> Aim of the task
Find, in the records below, the line that contains "Hansgrohe Raindance Select" and the line that contains "Il museo delle". Copy those two lines and everything between them exactly, but not the pictures.

> Extracted material
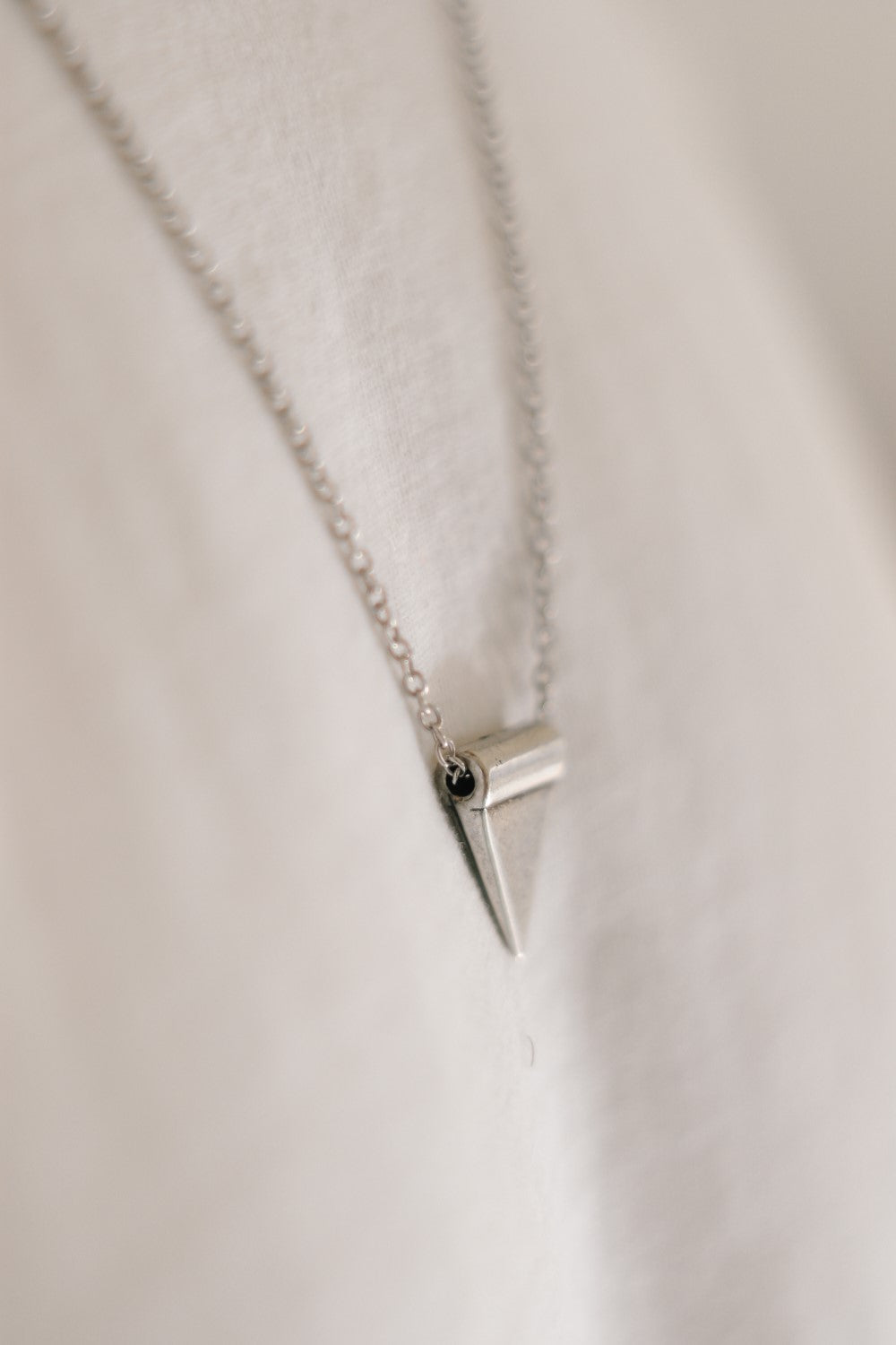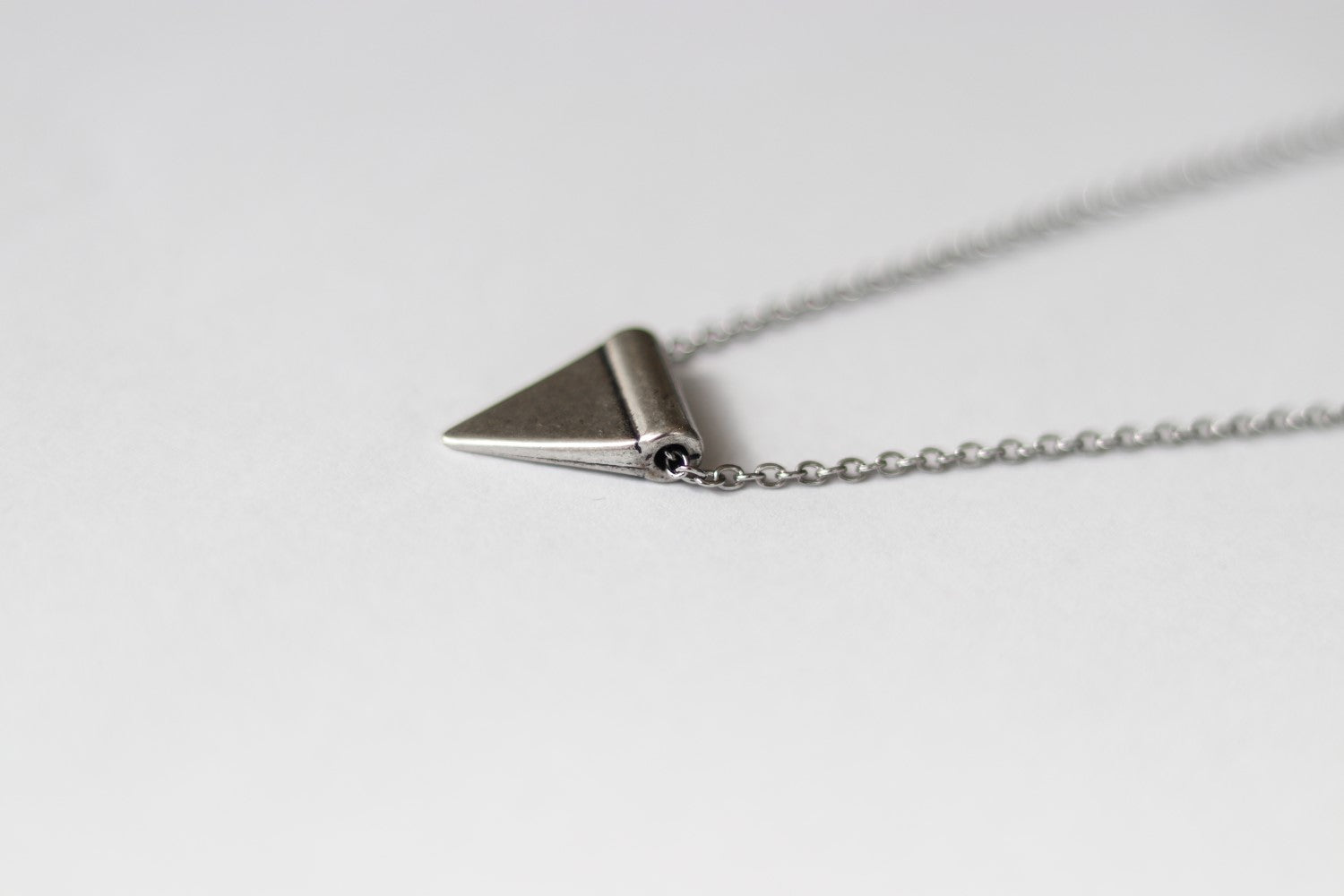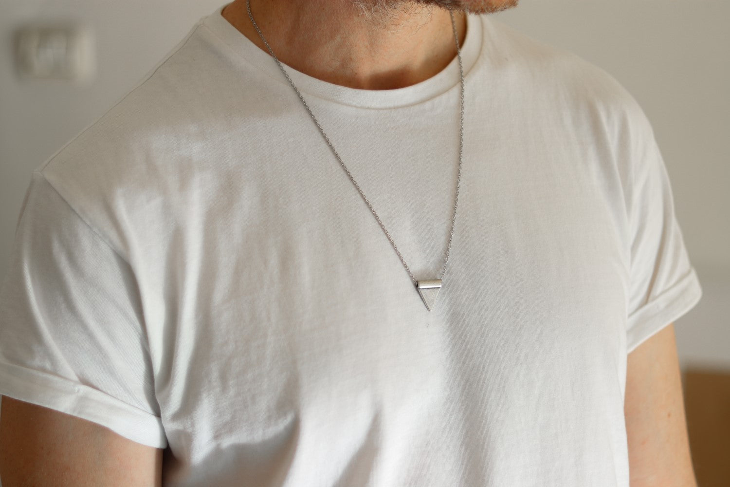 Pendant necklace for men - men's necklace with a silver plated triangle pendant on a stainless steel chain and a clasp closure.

==

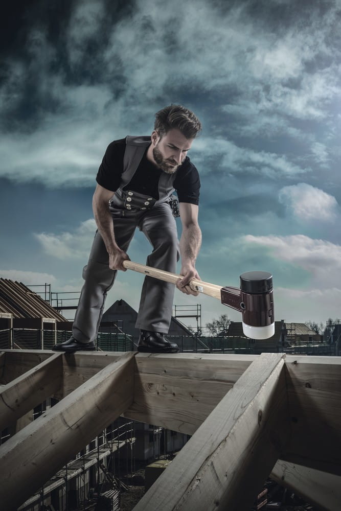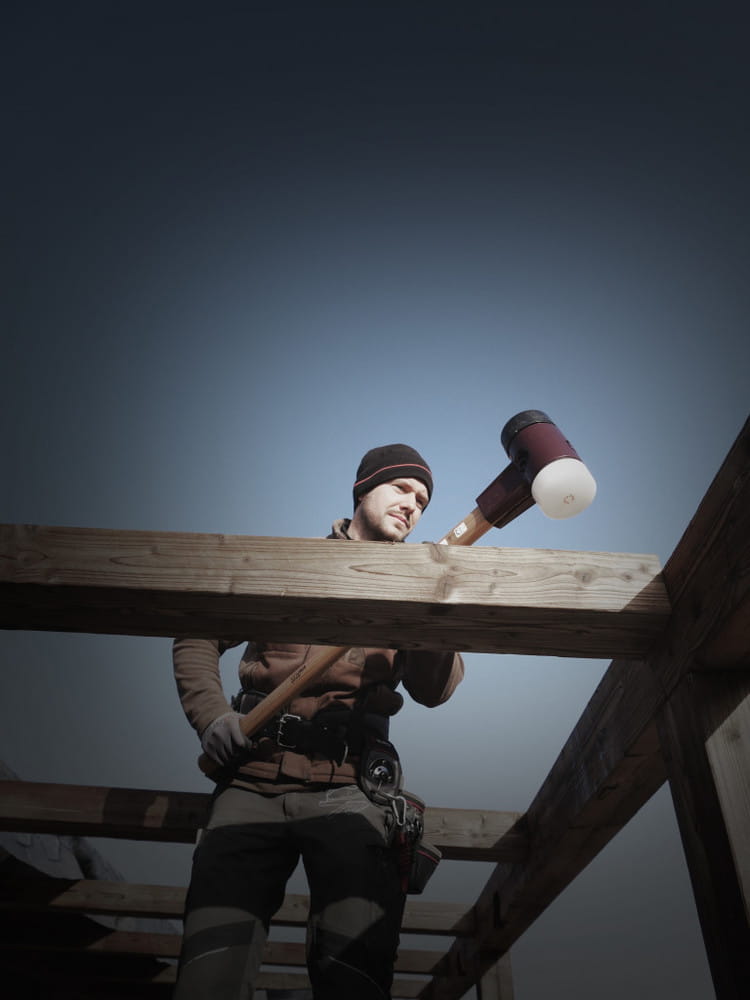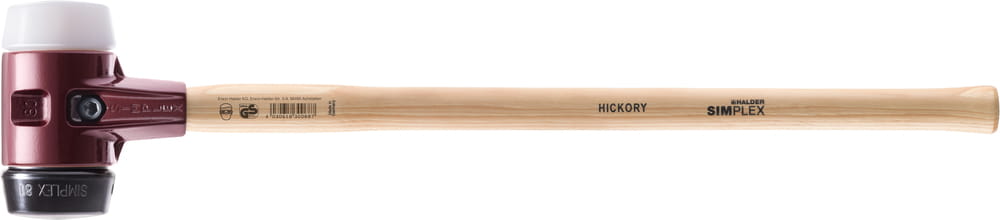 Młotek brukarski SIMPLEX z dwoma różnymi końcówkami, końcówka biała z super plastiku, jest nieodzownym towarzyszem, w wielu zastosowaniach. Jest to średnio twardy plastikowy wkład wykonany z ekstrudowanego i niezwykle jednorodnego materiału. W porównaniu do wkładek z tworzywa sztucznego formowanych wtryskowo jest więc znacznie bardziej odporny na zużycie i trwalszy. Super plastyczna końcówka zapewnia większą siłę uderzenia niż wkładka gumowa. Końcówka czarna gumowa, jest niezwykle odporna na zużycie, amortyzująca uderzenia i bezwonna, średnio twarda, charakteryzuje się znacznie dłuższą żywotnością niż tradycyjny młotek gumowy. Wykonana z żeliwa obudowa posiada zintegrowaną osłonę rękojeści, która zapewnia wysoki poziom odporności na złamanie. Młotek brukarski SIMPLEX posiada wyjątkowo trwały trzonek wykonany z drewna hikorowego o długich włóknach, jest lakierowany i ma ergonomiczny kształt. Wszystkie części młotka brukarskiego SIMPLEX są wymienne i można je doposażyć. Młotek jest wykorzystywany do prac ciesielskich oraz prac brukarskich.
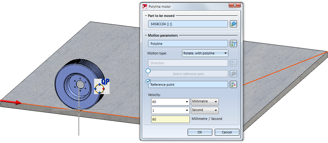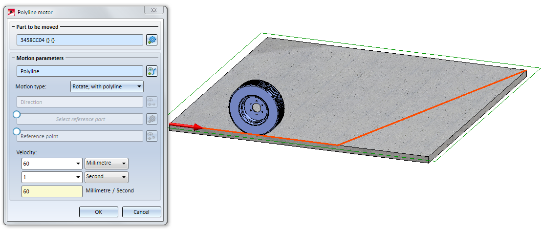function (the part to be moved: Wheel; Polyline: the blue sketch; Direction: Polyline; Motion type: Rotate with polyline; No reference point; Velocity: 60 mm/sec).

==

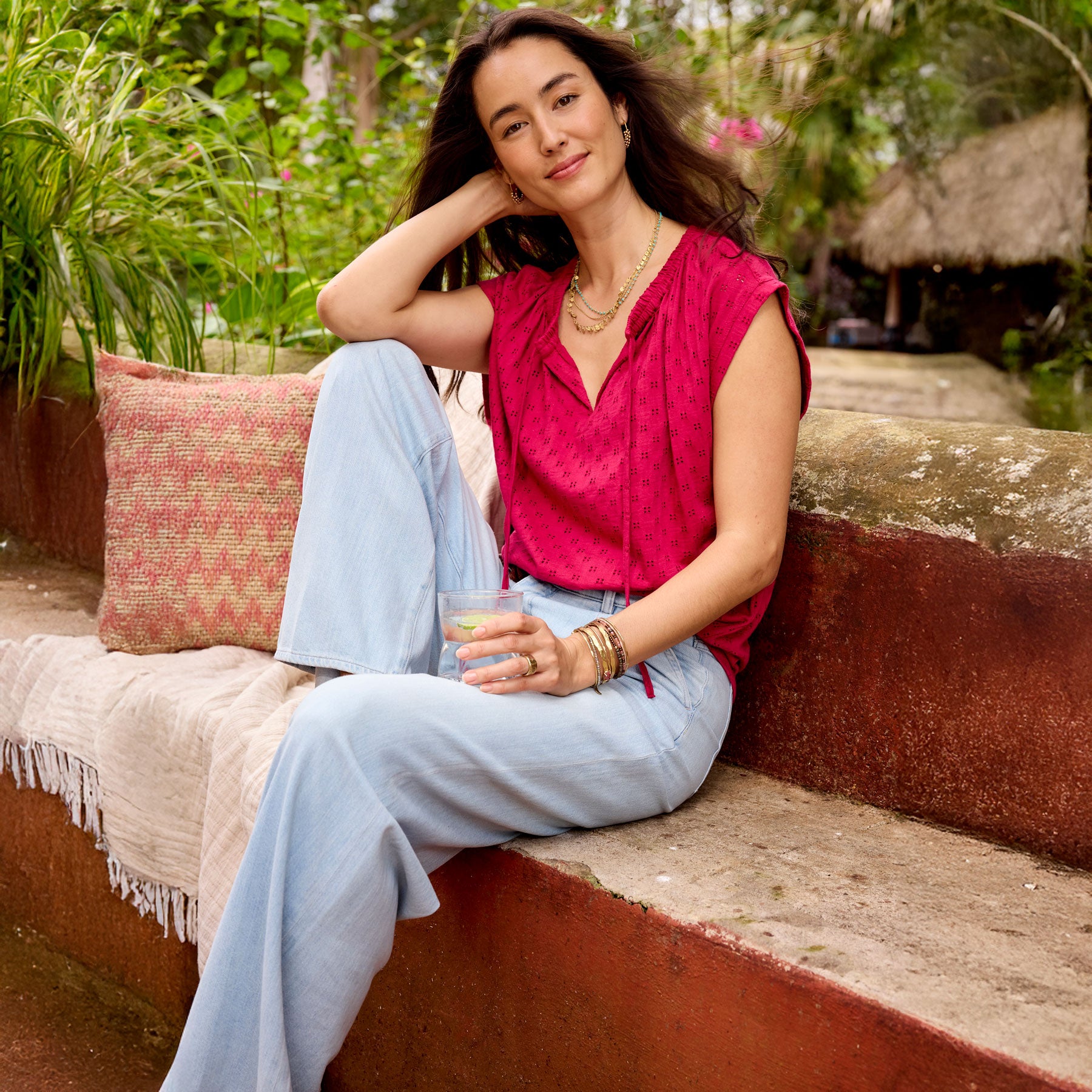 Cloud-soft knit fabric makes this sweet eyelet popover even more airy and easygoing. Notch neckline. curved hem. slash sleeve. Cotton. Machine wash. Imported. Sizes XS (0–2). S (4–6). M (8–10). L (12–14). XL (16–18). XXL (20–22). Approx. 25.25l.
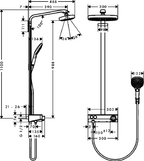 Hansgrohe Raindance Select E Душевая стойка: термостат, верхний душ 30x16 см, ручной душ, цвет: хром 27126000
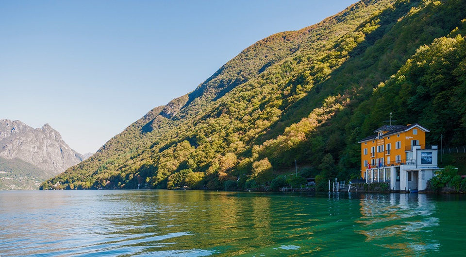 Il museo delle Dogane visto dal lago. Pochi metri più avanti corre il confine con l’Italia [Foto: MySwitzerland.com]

> Result
 Hansgrohe Raindance Select E Душевая стойка: термостат, верхний душ 30x16 см, ручной душ, цвет: хром 27126000
 Il museo delle Dogane visto dal lago. Pochi metri più avanti corre il confine con l’Italia [Foto: MySwitzerland.com]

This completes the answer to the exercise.